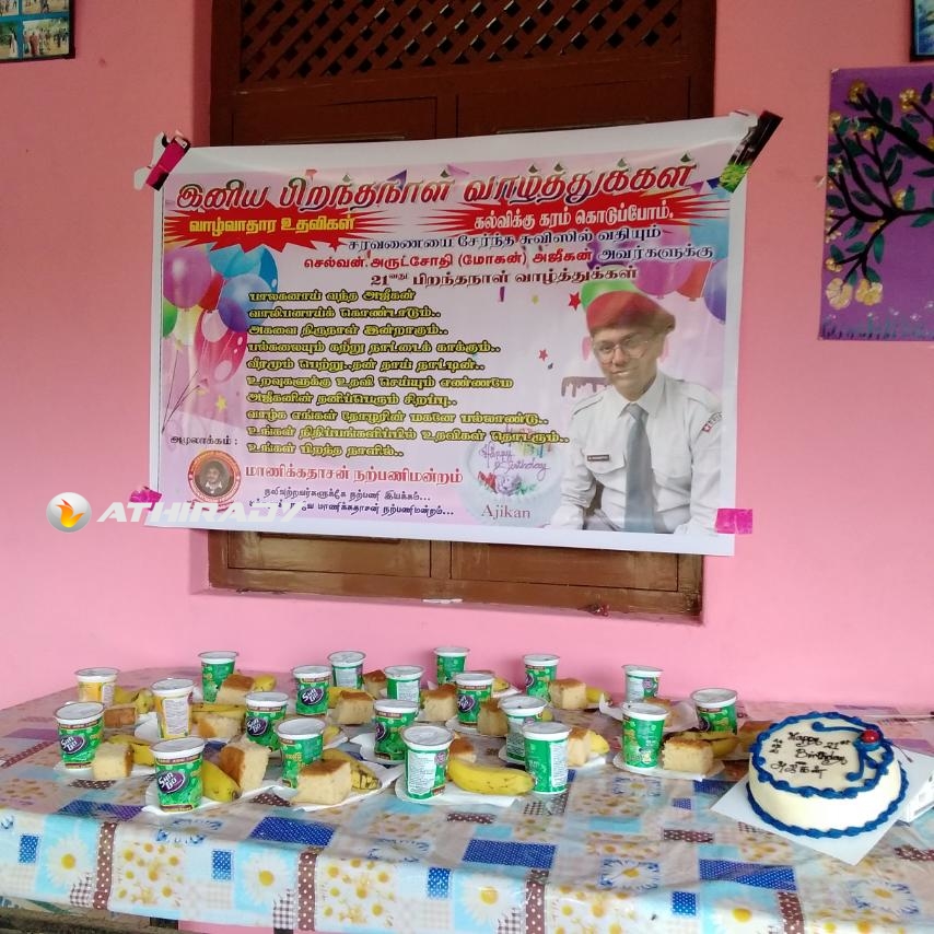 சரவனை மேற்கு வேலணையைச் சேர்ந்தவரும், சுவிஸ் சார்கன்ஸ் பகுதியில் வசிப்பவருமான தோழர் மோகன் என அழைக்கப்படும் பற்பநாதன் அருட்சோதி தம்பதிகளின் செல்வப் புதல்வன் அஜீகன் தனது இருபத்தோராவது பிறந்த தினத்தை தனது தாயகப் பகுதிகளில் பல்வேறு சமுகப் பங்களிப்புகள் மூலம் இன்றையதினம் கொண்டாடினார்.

+ + + + +

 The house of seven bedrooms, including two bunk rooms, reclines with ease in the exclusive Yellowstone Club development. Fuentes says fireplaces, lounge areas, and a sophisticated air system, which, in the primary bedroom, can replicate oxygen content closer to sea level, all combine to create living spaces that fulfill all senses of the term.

+ + + + +

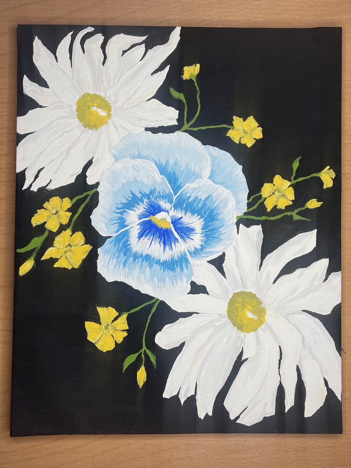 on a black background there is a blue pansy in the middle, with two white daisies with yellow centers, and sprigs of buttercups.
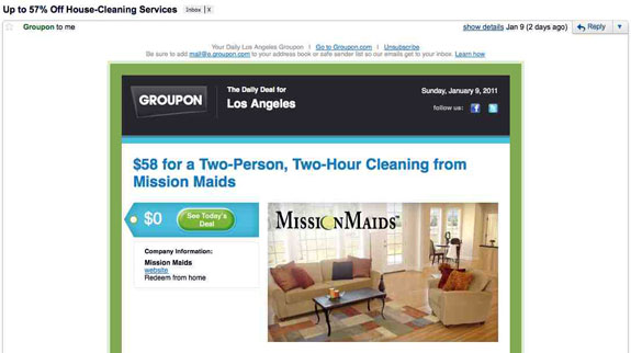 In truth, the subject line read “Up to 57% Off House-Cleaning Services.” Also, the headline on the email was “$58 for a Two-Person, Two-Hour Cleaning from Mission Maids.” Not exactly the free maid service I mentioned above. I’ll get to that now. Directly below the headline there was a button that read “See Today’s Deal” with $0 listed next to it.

+ + + + +

EXERCISE
With the pictures removed from your copy, retype the lines above from the one that contains "on a black background" through the one that contains "In truth, the", exactly.

RESULT FOR THIS EXERCISE
 on a black background there is a blue pansy in the middle, with two white daisies with yellow centers, and sprigs of buttercups.
 In truth, the subject line read “Up to 57% Off House-Cleaning Services.” Also, the headline on the email was “$58 for a Two-Person, Two-Hour Cleaning from Mission Maids.” Not exactly the free maid service I mentioned above. I’ll get to that now. Directly below the headline there was a button that read “See Today’s Deal” with $0 listed next to it.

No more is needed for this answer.